Invariance with respect to individual origins of utilities (IOU): aggregate choices must be blind to comparisons of absolute levels of utility (but not to differences of utilities.) For example, suppose we are happy to defer utility from generation 0 to 1 so that the stream (10, 8, 0, …) is preferred to (14, 4, 0, …), but at the same time the stream (14, 1004, 0, …) is deemed worse than the stream (10, 1008, 0, …). The reason would be that we are happy to defer utility from generation 0 to 1 when 1 is in bad shape, but not when 1 is doing great. This pair of comparisons violates IOU.

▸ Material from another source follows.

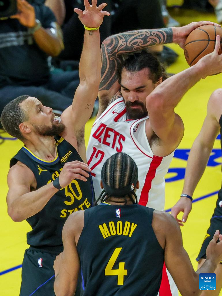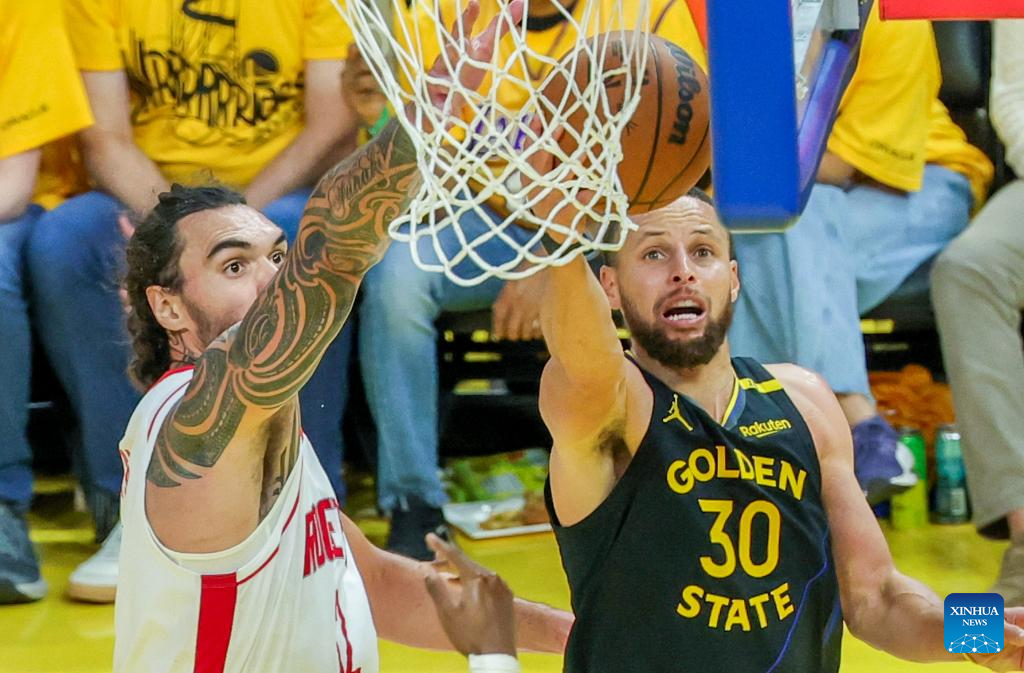 Stephen Curry (R) of Golden State Warriors competes during the first-round match between Golden State Warriors and Houston Rockets of the 2024-2025 NBA Playoffs in San Francisco, the United States, May 2, 2025. (Photo by Arthur Dong/Xinhua)
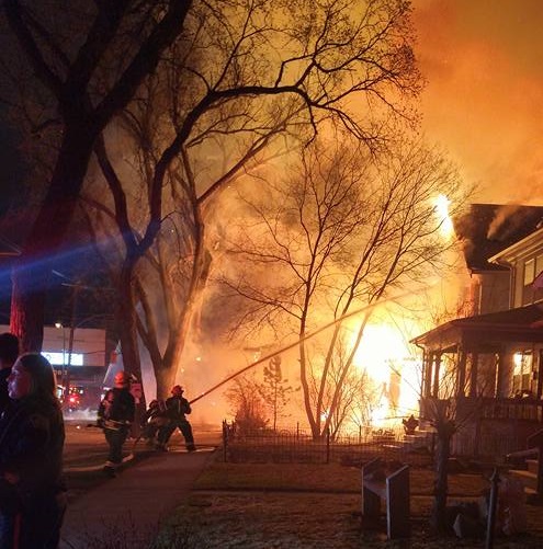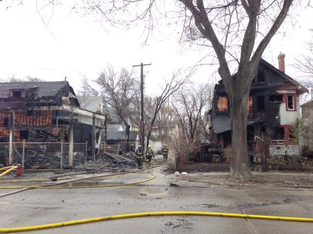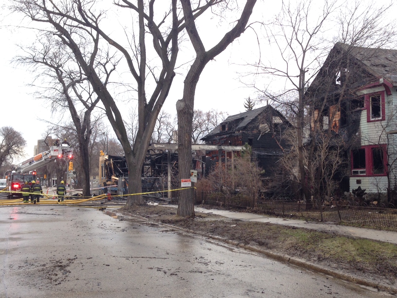 WINNIPEG – Four firefighters were injured in a large fire that badly damaged several buildings in the Wolseley area.

Invariance to stationary relabeling (ISTAT): this property can be better understood with an example. If the stream (0, 4, 4, 0, -1, …) is regarded as having the same value as the stream (1, 1, 1, 1, 1, …), then the stream (1, 0, 4, 4, 0, -1, …) must also be considered equivalent (notice that the third stream first gives the payoff in the constant stream and, then, follows the order of the payoffs in the first stream.) More than a fairness axiom, ISTAT is an axiom on the consistency of decisions.

In addition, the authors also consider two technical properties: continuity (CONT), that requires that very similar streams be evaluated also similarly, and compensation (COMP), by which there is never a generation beyond which we cease to care about the future.

The authors prove three theorems:

1. A multi-utilitarian criterion emerges essentially from D-MON, COC, and CVX (and the technical CONT requirement). Think of multi-utilitarianism as a situation where a decision maker is unsure of the weight to place on each of the different experts. Given a particular weight, her choices are utilitarian, but she evaluates weights in a maxmin fashion.
1. If we add IOU, aggregate choices must be utilitarian.
1. If, instead of IOU, we impose ISTAT (and the technical COMP requirement), we obtain the maxmin criterion. This is, of course, especially interesting if one finds IOU unpalatable.

The choice between utilitarianism and maxmin amounts to choosing between degrees of fairness. Utilitarianism relies on ruling out certain intergenerational comparisons of utility (IOU), comparisons that lie behind fairness considerations. In contrast, maxmin allows for such comparisons, and relies on a stronger notion of intergenerational fairness (ISTAT). The axioms express basic criteria for how the welfare of different generations are to be compared, and for a degree of intergenerational fairness. Our government actor can decide on which combination of axioms she agrees with, and thus decide on a rule for aggregating experts’ recommendations.

References

1. Chambers, C.P., and Echenique, F. 2018. On multiple discount rates. Econometrica 86: 4, 1325–1346.
2. Weitzman, M.L. 2001. Gamma Discounting. American Economic Review 91:1, 260–271.
3. Sen, A.K. 1970. Collective Choice and Social Welfare. San Francisco, CA: Holden-Day.